Advanced protein structure prediction requires evolutionary information from multiple sequence alignments (MSAs) from evolutionary couplings that are not always available. Artificial intelligence (AI)-based predictions inputting only single sequences are faster but so inaccurate as to render speed irrelevant. Here, we described a competitive prediction of inter-residue distances (2D structure) exclusively inputting embeddings from pre-trained protein language models (pLMs), namely ProtT5, from single sequences into a convolutional neural network (CNN) with relatively few layers. The major advance used the ProtT5 attention heads. Our new method, EMBER2, which never requires any MSAs, performed similarly to other methods that fully rely on co-evolution. Although clearly not reaching AlphaFold2, our leaner solution came somehow close at substantially lower costs. By generating protein-specific rather than family-averaged predictions, EMBER2 might better capture some features of particular protein structures. Results from using protein engineering and deep mutational scanning (DMS) experiments provided at least a proof of principle for such a speculation.

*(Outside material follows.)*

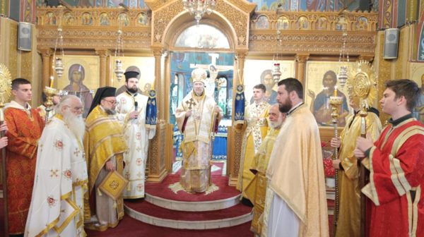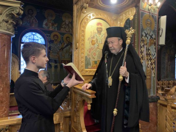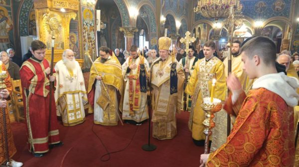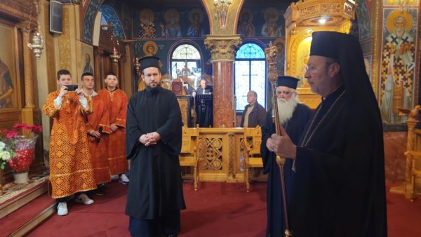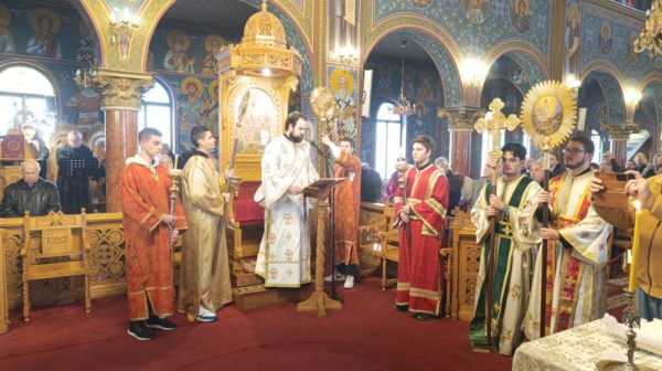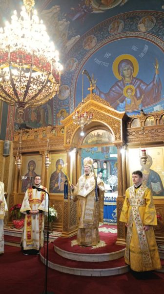 Ο Επίσκοπος χοροστάτησε στον όρθρο, τέλεσε το μυστήριο της Θείας Ευχαριστίας και προεξήρχε λιτανείας εντός του ναού λόγο της κακοκαιρίας και δεήσεως υπέρ των εν Πολωνία Ορθοδόξων κληρικών και λαϊκών, προ του ιερού εικονίσματος της Παναγίας της επικαλουμένης Οστρομπράμσκα. Μαζί του συλλειτούργησαν οι εκ των κληρικών του ναού, Αρχιμανδρίτης Σεραφείμ Δημητρίου, Πρωτοπρεσβύτερος Λάμπρος Ξεσφύγγης και Οικονόμος Γεώργιος Βάρσος καθώς και ο πρωτοπρεσβύτερος Αθανάσιος Κολοκυθάς της Μητροπόλεως Φωκίδος και ο διάκονος Πέτρος Τσιάρας.

高级蛋白质结构预测需要来自进化耦合的多序列比对 (MSA) 的进化信息，这些信息并不总是可用的。仅输入单个序列的基于人工智能 (AI) 的预测速度更快，但非常不准确，以至于与速度无关。在这里，我们描述了一种竞争性预测残差间距离（2D 结构），专门将来自预训练的蛋白质语言模型（pLM）（即 ProtT5）的嵌入从单个序列输入到层数相对较少的卷积神经网络（CNN）中。主要进步使用了 ProtT5 注意力头。我们的新方法EMBER2不需要任何 MSA，其执行方式与完全依赖协同进化的其他方法类似。虽然显然没有达到AlphaFold2，我们更精简的解决方案在某种程度上以大大降低的成本接近。通过生成蛋白质特异性而非家族平均预测，EMBER2可能更好地捕捉特定蛋白质结构的某些特征。使用蛋白质工程和深度突变扫描 (DMS) 实验的结果至少为这种推测提供了原理证明。